Update: Well here’s something interesting. Running only the conv-layer test-features part from the statefarm notebook on my Mac… so far so good… Not sure if I’ll run it to completion since this is only via CPU… but it hasn’t crashed or shown any signs of anything wrong. It’s just working. I could try switching to CPU on my Linux machine to build test-features… seems clunky… but this is pretty far into the weeds already. I could check the versions of all packages in my fastai conda environments on the Mac vs Linux… but besides that there seems to be 2 viable workarounds:

Build test predictions through a completed (Conv layers connected to FC blocks) model only
Switch to CPU-backend, build conv_test_features, switch back to GPU to continue. (not tested yet)

Mac’s CPU’s chuggin’ along:

If anyone has any insight, much appreciated. Otherwise, I’m going to leave this as is w/ the workarounds and continue on.

Update June 6: This is very strange. Same memory error on the Linux machine even when using CPU. If having both conv_feat & conv_val_feat in memory uses over 10.5/16 GB at ~20k imgs, then the 80k test set is definitely going over… but that doesn’t explain why it would work on my mac which has half the RAM.

Yeah, even trying to save (bcolz) straight to disk doesn’t work. Figure this way it’d still need to hold everything in memory at once, so that may be why:

save_array(path + '/results/conv_test_feat.dat', conv_model.predict_generator(test_batches, test_batches.nb_sample))

Update June 7: Neverending story, eh? I keep coming back to this because it feels very important… generating conv-test-features … and no good reason for failure.

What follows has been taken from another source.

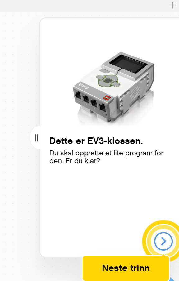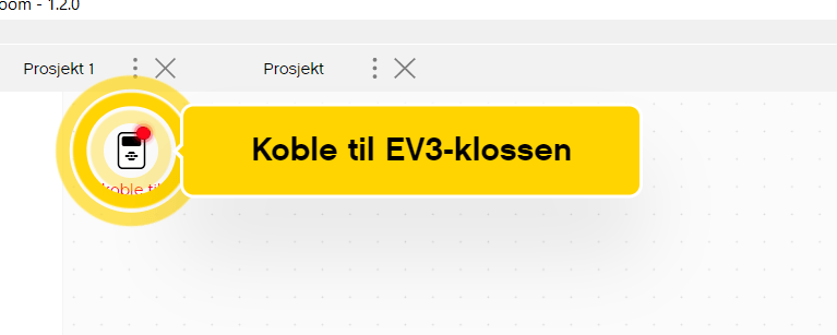 Fra hjemsiden som kommer fram ved oppstart, får en tilgang til 3 start prosjekter som gir brukeren en rask innføring i hvordan en EV3 fungerer.

I ran essentially the same code in the above example, on the cats-dogs-redux test data. It works just fine. 1 note of interest: total RAM usage at 7.5/16GB… For 12,500 images? What about for StateFarm’s 80,000? Yeah. Doesn’t fit in memory.

Well after that journey I know what question to ask.

TLDR:
How do I save convolutional test features directly to disk, in batches, as they are created, so that I don’t run into memory limits?

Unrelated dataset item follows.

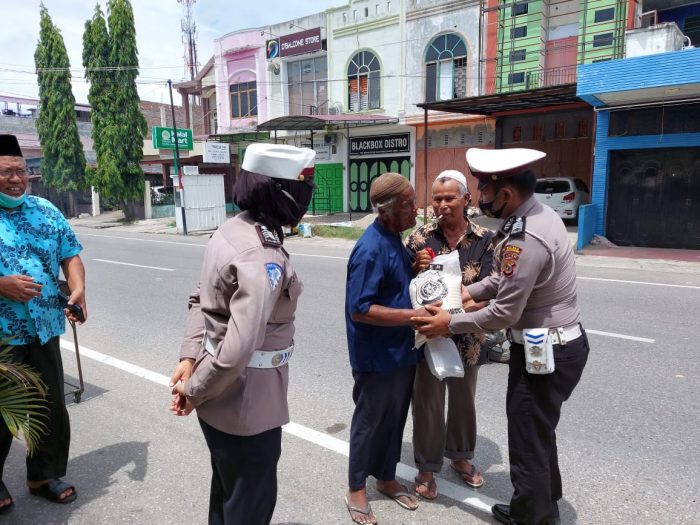 LHOKSEUMAWE – Sat Lantas Polres Lhokseumawe membagikan bantuan sembilan bahan pokok (sembako) kepada warga kurang mampu di wilayah hukum Polres Lhokseumawe, Jumat (2/4/2021)

I didn’t get this error on my Mac, which only has 8GB of RAM, but maybe there’s a difference in how OSX vs Ubuntu handle memory in this case? I’m thinking I’d cause a MemoryError Mac-side too, if I let the predict_generator run long enough to make enough test-features. I think I’ll test that when I’m not working on this machine.

bahram1 · June 8, 2017, 4:07am

maybe State Farm Full: how not to run Out of Memory with VGG + (da_batches.samples*5)?

Borz · June 8, 2017, 3:51pm

This is great, thanks Bahram. Thing is, this is training the model - I just want to create intermediate features without blowing up the RAM. Looking through documentation & forums now, but haven’t quite found the way how.

So now I know how to create features/predictions on individual or on a specific number of batches:

for batch in test_batches: ...
or
for ...: test_batches.next()
or
xyz = model.predict_generator(test_batches, step)
where step is (I think) a multiple of batch_size, and/or ≥ batch_size and ≤ dataset size.

Now how are these saved to be used for the next step?

I just found out that bcolz saves things in a directory structure, not a single file - so it has a way of keeping track of what’s where. Again, feels like getting too far into the weeds.

There has to be a way to take what @bahram1 said and save features to disk as they’re created.

Update:

Oh hello…

http://bcolz.readthedocs.io/en/latest/reference.html#bcolz.carray.append

append(self, array) Append a numpy array to this instance.

…
http://bcolz.readthedocs.io/en/latest/reference.html#the-carray-class

The carray class
class bcolz.carray
A compressed and enlargeable data container either in-memory or on-disk.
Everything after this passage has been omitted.